The hard part of serving an LLM isn't running it once — it's keeping a GPU saturated when requests arrive at random lengths and times. This toolkit treats inference as a compilation problem: you describe a model in Python, and it lowers that down to a hardware-specific TensorRT engine plus a runtime that schedules requests aggressively to keep the silicon busy.
What Sets It Apart
- Continuous in-flight batching schedules new requests into a running batch instead of waiting for the slowest sequence to finish, so throughput stays high under mixed-length traffic rather than collapsing to the worst case.

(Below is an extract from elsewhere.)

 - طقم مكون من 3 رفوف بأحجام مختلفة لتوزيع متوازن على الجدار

- Paged attention and KV-cache management let many sequences share GPU memory without static padding, raising the number of concurrent requests a card can hold.

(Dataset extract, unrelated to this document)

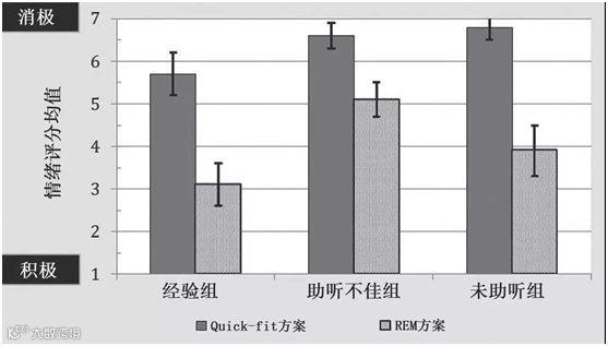 情绪测量是评估听力障碍者的对助听器接受和接纳程度的主要指标,包括对助听产品和服务体验的幸福感、成功感和信心。本研究采用非参数单向差异分析评估REM验证服务的情感价值,与Quick-fit方案相比(Krusal-Wallis检验),REM方案显著改善了经验组(X2=13.10,P<0.001),助听不佳组(X2=11.50,P<0.01)和未助听组(X2=14.75,P<0.001)这3个测试组中均显著改善(即更接近1的平均反应),见图3。

- Quantization (down to FP8/INT4 on supported hardware) and kernel fusion cut both latency and memory, trading a controlled accuracy hit for materially cheaper serving.

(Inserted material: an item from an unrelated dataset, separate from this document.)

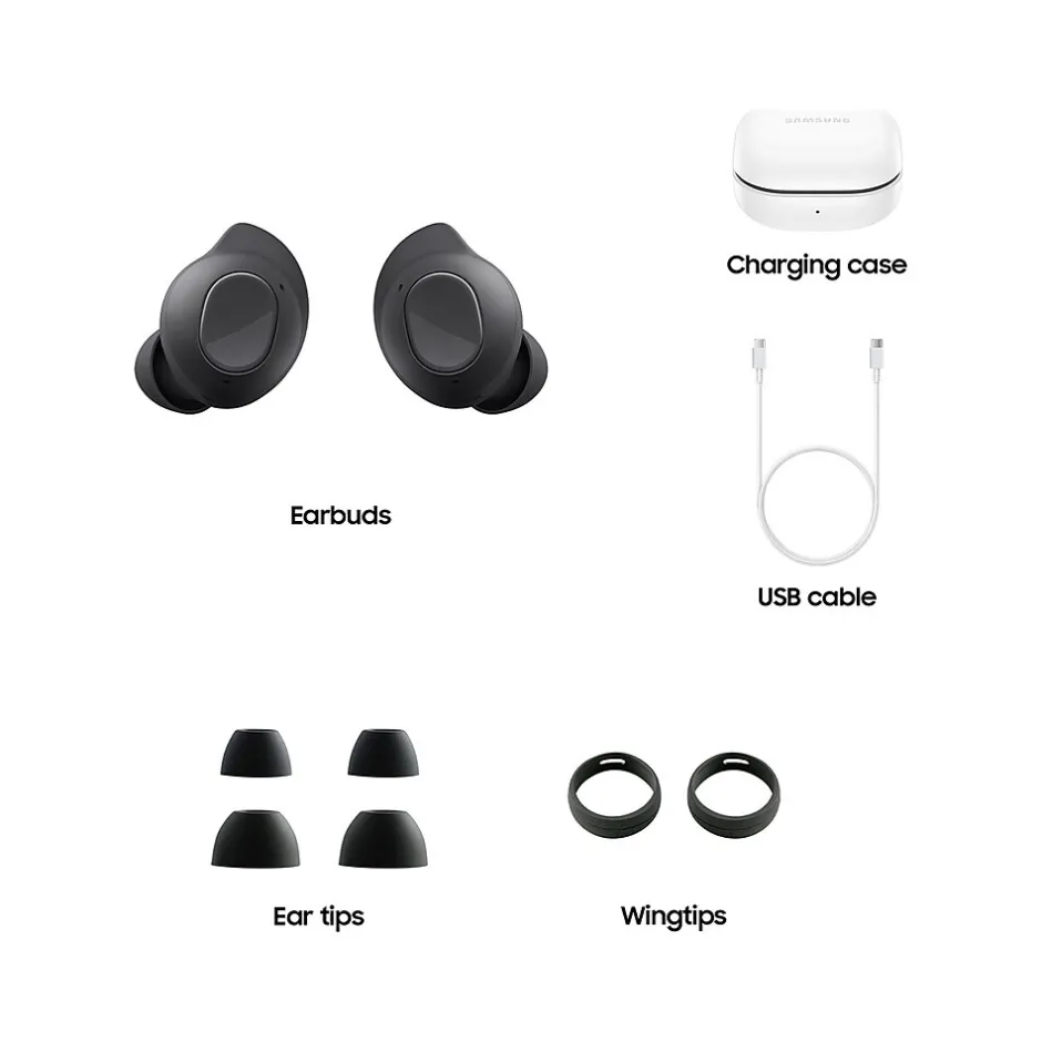 Meet Galaxy Buds FE, the new audio solution that fits perfectly into your workday. With a newly redesigned wingtip and your favorite Galaxy innovations, you can stay locked in to your workflow comfortably with the great sound quality and features you expect from Samsung. Listen in comfort throughout your day with a newly redesigned wingtip that keeps your Buds securely in place. Choose from a variety of wingtip sizes for a personalized fit that feels so natural, you may forget you’re wearing Buds at all. Immerse yourself in a world of sound throughout your day. Galaxy Buds FE feature Active Noise Cancellation to help minimize the distracting sounds in your environment, from idle chatter to an airplane flying overhead. Galaxy Buds FE pair easily to your other Galaxy devices. Just open the case, tap to connect and your paired Buds FE show up in your list of devices. With Auto Switch, Galaxy Buds FE connect to whatever device you are on so you don’t miss a beat. Stream a webinar on your Tab and switch to answer a call on your phone through your Buds FE. Once you are done, your Buds connect back to your webinar. Hear and be heard clearly on calls with your Galaxy Buds FE. They sense distracting background sounds and then minimize them for better call clarity. No more fumbling to find the controls for your Buds. With clearly defined areas for tapping and gripping, it’s easy to secure them, pause the audio and change the volume with a simple tap. Not sure where your Buds are? SmartThings Find will lead you to their last location. Plus, Lost Mode relays a message to whoever found your Buds to help you retrieve them easily. Get a hand without lifting a hand. Activate your personal voice assistant on your Galaxy Buds FE to help manage your calls, check the weather and more. Simply speak to activate Bixby and then let it know how it can help. Pair easily with your Galaxy devices. Simply open the case and tap to connect, pair and sync. Whether pairing with your phone, Watch, Tab or PC, Buds FE automatically switch audio sources when an alert or call comes in to keep you connected to what matters. Everyone deserves a good audio experience on the device they have. Galaxy Buds FE are Android compatible, which means you can listen seamlessly across all your favorite devices.

- Built-in tensor/pipeline parallelism spans a single GPU up to multi-node clusters using the same API, so scaling out is a config change, not a rewrite.
Who It's For
Great fit if you serve open models at scale on NVIDIA hardware and need to squeeze peak throughput and lowest cost-per-token out of each card, especially paired with Triton for production. Look elsewhere if you run non-NVIDIA accelerators, want zero-config local chat, or value portability over hardware-specific tuning — the engine-build step and CUDA coupling are the price of the performance.